The foundation of our analysis lies in the acquisition of a comprehensive dataset of Reddit comments, which will serve as the primary source for detecting online bots and bullying. Reddit, a vast online platform with a rich tapestry of user interactions, offers a diverse range of language use, sentiments, and behaviors, making it an ideal environment for our study. This section outlines the methodology for downloading and preparing Reddit comments for analysis.

**1. Choosing a Reddit Data Extraction Tool:**
   - **Pushshift API**: A widely used resource for accessing historical Reddit data, Pushshift provides an extensive archive of Reddit posts and comments. It allows for querying specific subreddits, time frames, and other parameters, making it a versatile tool for data collection.
   - **PRAW (Python Reddit API Wrapper)**: For real-time data extraction, PRAW is a Python library that interfaces with Reddit's official API, enabling the extraction of recent comments and posts.

**2. Defining Parameters for Data Collection:**
   - **Subreddit Selection**: Identify and select subreddits relevant to the study. This could include general subreddits or those known for heightened activities of bots and bullying.
   - **Time Frame**: Determine the time period from which to extract comments. This could range from specific dates to a continuous real-time feed.
   - **Volume and Diversity**: Ensure a large and diverse dataset to capture a wide range of sentiments and behaviors.

**3. Data Extraction Process:**
   - **Using Pushshift**: Leverage Pushshift to download historical comments. Utilize its querying capabilities to filter data based on date, subreddit, and other relevant criteria.
   - **Using PRAW**: For real-time data, use PRAW to stream comments. This involves setting up a script that continuously fetches new comments as they are posted.

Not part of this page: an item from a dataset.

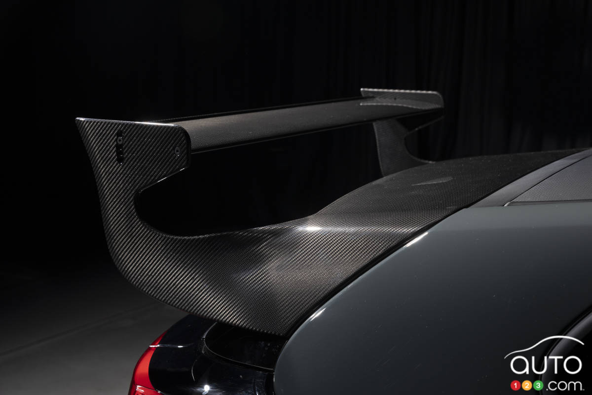 À l’arrière, on retrouve un aileron arrière en fibre de carbone. Celui-ci rehausse considérablement l’appui aérodynamique de la voiture. Elle est aussi munie d’un diffuseur à l’avant, de jupes latérales ainsi que d’un capot en fibre de carbone.
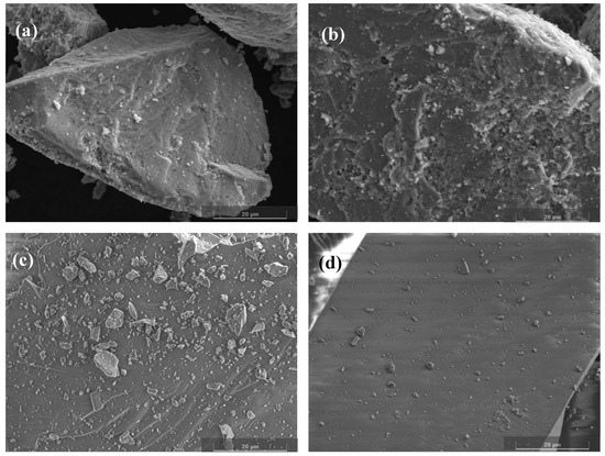 The surface morphology changes of ilmenite and olivine were analyzed using scanning electron microscopy [33,34], and the results are presented in Figure 5. The surface roughness of ilmenite and olivine samples remained similar after natural pH down-slurry treatment (Figure 5a,c). However, when ABN was added at pH = 8, the surface roughness of ilmenite increased, while that of olivine did not change significantly (Figure 5b,d). This difference may be attributed to the adsorption of metal hydroxides and ABN reagents on the ilmenite surface under weak alkaline conditions.

**4. Data Preprocessing:**
   - **Cleaning**: Remove irrelevant content (e.g., URLs, non-textual elements) and standardize text (e.g., lowercasing, removing excessive whitespace).
   - **Anonymization**: Ensure privacy by anonymizing user data.
   - **Structuring**: Organize the data into a structured format suitable for analysis, such as JSON or CSV, containing fields like comment text, timestamp, subreddit, and user ID (if relevant).

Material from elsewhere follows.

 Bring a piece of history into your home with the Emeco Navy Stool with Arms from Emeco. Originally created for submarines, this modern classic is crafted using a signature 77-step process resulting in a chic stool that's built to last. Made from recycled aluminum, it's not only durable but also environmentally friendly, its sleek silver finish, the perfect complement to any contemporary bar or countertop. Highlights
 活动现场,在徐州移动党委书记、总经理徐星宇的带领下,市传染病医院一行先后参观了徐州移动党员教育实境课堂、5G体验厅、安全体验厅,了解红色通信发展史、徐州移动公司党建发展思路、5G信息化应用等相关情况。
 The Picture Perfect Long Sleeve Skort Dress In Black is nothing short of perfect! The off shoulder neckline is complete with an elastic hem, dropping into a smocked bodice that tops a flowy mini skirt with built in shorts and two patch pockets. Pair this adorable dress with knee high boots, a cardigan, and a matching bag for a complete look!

**5. Storage and Management:**
   - **Database Storage**: Store the extracted data in a database system, considering scalability and ease of access. Options include relational databases like PostgreSQL or NoSQL databases like MongoDB.
   - **Backup and Security**: Implement regular backups and ensure data security, especially when handling large volumes of user-generated content.

**6. Ethical Considerations:**
   - **Compliance with Reddit's Terms of Service**: Adhere to Reddit's API terms of service and guidelines.
   - **User Privacy**: Respect user privacy and confidentiality, especially when dealing with sensitive content.

By meticulously following these steps, we can acquire a rich dataset of Reddit comments, which will serve as the cornerstone for our subsequent sentiment analysis and bot detection efforts. This data, once processed and analyzed through our proposed methodologies, will provide valuable insights into the dynamics of online interactions and the prevalence of bots and bullying on Reddit.

In [5]:
import praw

# Initialize PRAW with your client credentials
reddit = praw.Reddit(client_id='jxUeaoD8b_JZhpd0s2Q-UA',
                     client_secret='JtudGESVw0Bl1eWoybiwnw5-Rfrzvw',
                     user_agent='python:ZeAnalyst:v1.0 (by /u/U_HIT_MY_DOG)')

# Choose the subreddit
subreddit = reddit.subreddit('india')

# Open a file to save the submission titles and URLs
with open('submissions.txt', 'w', encoding='utf-8') as file:
    # Get the top submissions from the subreddit
    for submission in subreddit.top(limit=10):  # You can change the limit and the time filter
        # Write the title and URL of each submission to the file
        file.write(submission.title + '\n' + submission.url + '\n\n')


In [6]:
import datetime

# Initialize PRAW with your client credentials
reddit = praw.Reddit(client_id='jxUeaoD8b_JZhpd0s2Q-UA',
                     client_secret='JtudGESVw0Bl1eWoybiwnw5-Rfrzvw',
                     user_agent='python:ZeAnalyst:v1.0 (by /u/U_HIT_MY_DOG)')

# Choose the subreddit
subreddit = reddit.subreddit('india')

# Calculate the time 24 hours ago from now
one_day_ago = datetime.datetime.utcnow() - datetime.timedelta(days=1)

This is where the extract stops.